Every line of the data should be written out exactly, with the pictures left out.
"""
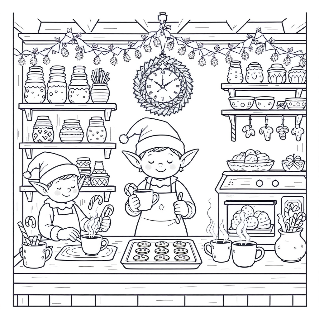 Elves frosting gingerbread and candy canes inside a bustling Christmas bakery with cocoa on the counter
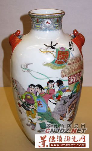 這件瓷瓶所繪“大躍進(jìn)萬歲”圖,以夸張的手法描繪了大豐收后人們拉著滿載瓜果、蔬菜和糧食的大馬車,快樂、幸福生活的場面。周圍環(huán)繞著叼“囍”字的喜鵲、銜彩綢的和平鴿、飛舞的蝴蝶以及盆栽萬年青等輔助紋飾,瓷瓶頸部圓形開光內(nèi)寫有“大”“躍”“進(jìn)”“萬”“歲”5個紅色大字,點(diǎn)名主題,留白處鈐紅彩方章“楊澍霖”三字。作品帶有鮮明的時代烙印,反映了“大躍進(jìn)”時代人們建設(shè)社會主義的高漲熱情。
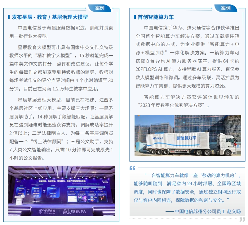 中國電信結(jié)合自身在算力、數(shù)據(jù)、行業(yè)應(yīng)用等方面的優(yōu)勢,依托 AI 能力自主研發(fā)星辰語義大模型,與合作伙伴共同開拓行業(yè)重點(diǎn)場景和細(xì)分場景大模型。構(gòu)建“1+N+M”(1 是通用基礎(chǔ)大模型,N 是行業(yè)大模型數(shù)量,M 是自用大模型數(shù)量)的星辰大模型系列產(chǎn)品體系,面向政務(wù)、教育、交通等垂直領(lǐng)域發(fā)布 12 個行業(yè)大模型。推出“星辰 MaaS(Model as a Service,模型即服務(wù))平臺”,為客戶提供智算算力、通用大模型、行業(yè)大模型、能力工具、數(shù)據(jù)集于一體的大模型服務(wù)。
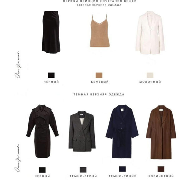 В третьем уроке разберем первый принцип сочетания вещей и конкретную схему, которую вы сможете использовать для создания гармоничных образов на каждый день.
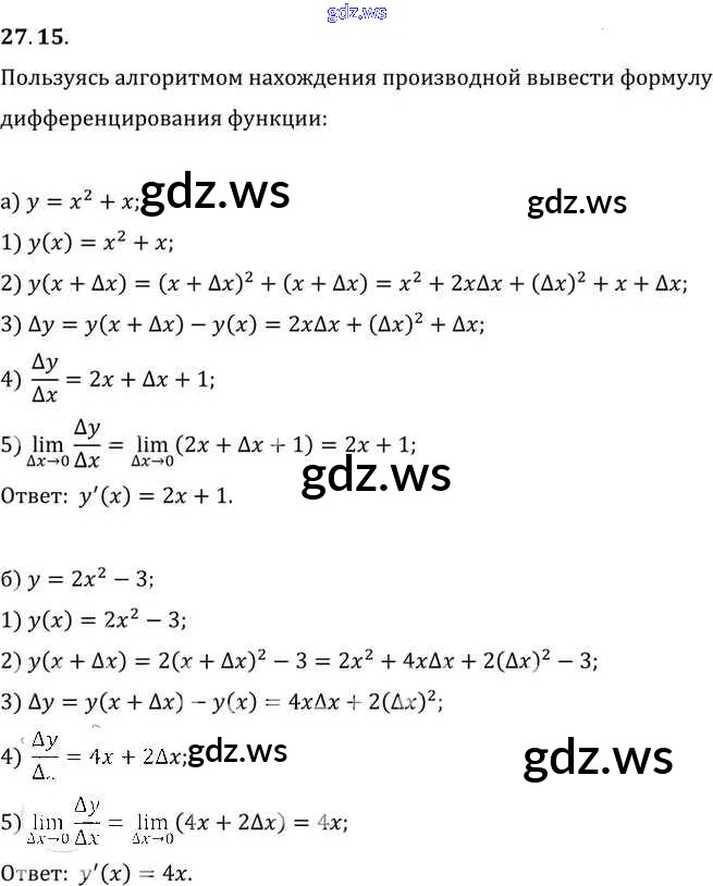 Готовый и полный ответ к §27. Определение производной Глава 5 - Алгебре 11 класс Мордкович Задачник Базовый уровень ФГОС
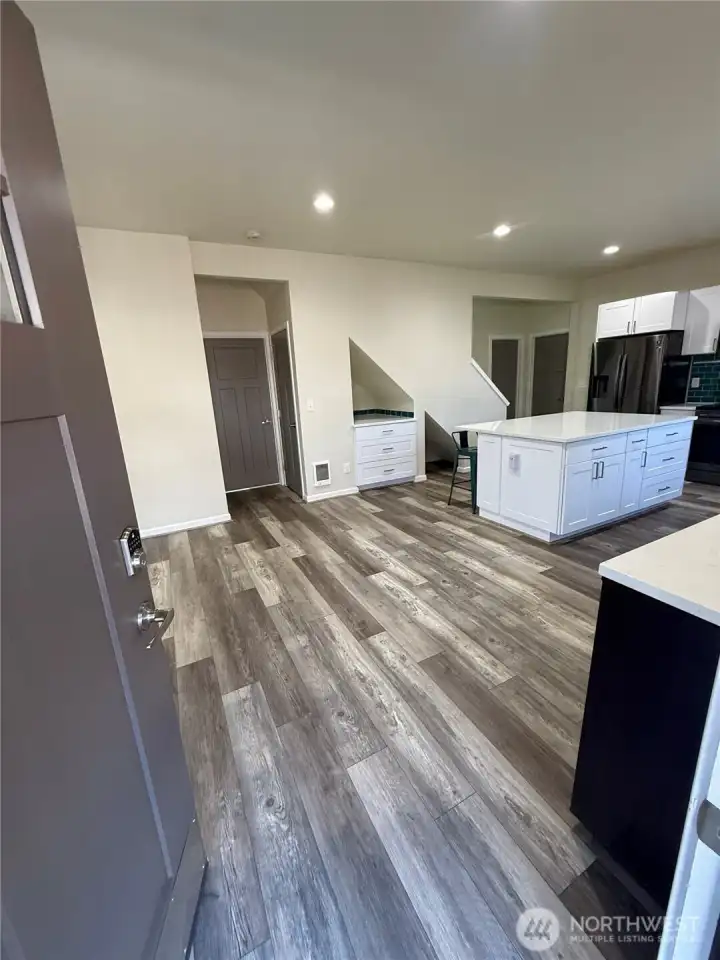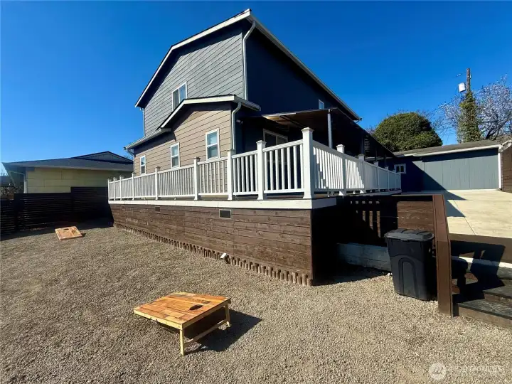 Looking for a multi-generational setup? This 2021 full-rebuild has a layout that truly works for modern life, including TWO Primary Suites & no HOA! Step inside to 2484 sq ft., tall ceilings & an open concept. The kitchen is a showstopper, starring a massive island with storage & black stainless appliances. A clever use of space includes a built-in nook tucked perfectly under the staircase, along with a possible pet bed area, these special features await your personalization, perhaps a coffee station?. With a walk-in pantry, dedicated dining space, & seamless flow into the living room, you’ll never be separated from the action. The first level features a full primary suite, ideal for guests, in-laws, or those looking to avoid stairs. Upstairs, the second level opens up with dramatic vaulted ceilings, housing the second primary suite, an additional large bedroom, family room & an office area. The LVP flooring throughout features a mix of cool & warm tones, ensuring your existing furniture will look right at home. Custom blinds, new plush carpet & fresh paint provide a turn-key experience for the new owners. Enjoy the outdoor living on the wrap around deck & expansive patio while having peace of mind knowing the major components of this 4 bedroom 3 bath home are only 5 years old. Walkability to local businesses & an easy commute location off of I5 make this property a must see! Current road resurfacing & sidewalk additions by Tacoma near this home will be the cherry on top.
"""
RESPONSE TO THE TASK:
 Elves frosting gingerbread and candy canes inside a bustling Christmas bakery with cocoa on the counter
 這件瓷瓶所繪“大躍進(jìn)萬歲”圖,以夸張的手法描繪了大豐收后人們拉著滿載瓜果、蔬菜和糧食的大馬車,快樂、幸福生活的場面。周圍環(huán)繞著叼“囍”字的喜鵲、銜彩綢的和平鴿、飛舞的蝴蝶以及盆栽萬年青等輔助紋飾,瓷瓶頸部圓形開光內(nèi)寫有“大”“躍”“進(jìn)”“萬”“歲”5個紅色大字,點(diǎn)名主題,留白處鈐紅彩方章“楊澍霖”三字。作品帶有鮮明的時代烙印,反映了“大躍進(jìn)”時代人們建設(shè)社會主義的高漲熱情。
 中國電信結(jié)合自身在算力、數(shù)據(jù)、行業(yè)應(yīng)用等方面的優(yōu)勢,依托 AI 能力自主研發(fā)星辰語義大模型,與合作伙伴共同開拓行業(yè)重點(diǎn)場景和細(xì)分場景大模型。構(gòu)建“1+N+M”(1 是通用基礎(chǔ)大模型,N 是行業(yè)大模型數(shù)量,M 是自用大模型數(shù)量)的星辰大模型系列產(chǎn)品體系,面向政務(wù)、教育、交通等垂直領(lǐng)域發(fā)布 12 個行業(yè)大模型。推出“星辰 MaaS(Model as a Service,模型即服務(wù))平臺”,為客戶提供智算算力、通用大模型、行業(yè)大模型、能力工具、數(shù)據(jù)集于一體的大模型服務(wù)。
 В третьем уроке разберем первый принцип сочетания вещей и конкретную схему, которую вы сможете использовать для создания гармоничных образов на каждый день.
 Готовый и полный ответ к §27. Определение производной Глава 5 - Алгебре 11 класс Мордкович Задачник Базовый уровень ФГОС
 Looking for a multi-generational setup? This 2021 full-rebuild has a layout that truly works for modern life, including TWO Primary Suites & no HOA! Step inside to 2484 sq ft., tall ceilings & an open concept. The kitchen is a showstopper, starring a massive island with storage & black stainless appliances. A clever use of space includes a built-in nook tucked perfectly under the staircase, along with a possible pet bed area, these special features await your personalization, perhaps a coffee station?. With a walk-in pantry, dedicated dining space, & seamless flow into the living room, you’ll never be separated from the action. The first level features a full primary suite, ideal for guests, in-laws, or those looking to avoid stairs. Upstairs, the second level opens up with dramatic vaulted ceilings, housing the second primary suite, an additional large bedroom, family room & an office area. The LVP flooring throughout features a mix of cool & warm tones, ensuring your existing furniture will look right at home. Custom blinds, new plush carpet & fresh paint provide a turn-key experience for the new owners. Enjoy the outdoor living on the wrap around deck & expansive patio while having peace of mind knowing the major components of this 4 bedroom 3 bath home are only 5 years old. Walkability to local businesses & an easy commute location off of I5 make this property a must see! Current road resurfacing & sidewalk additions by Tacoma near this home will be the cherry on top.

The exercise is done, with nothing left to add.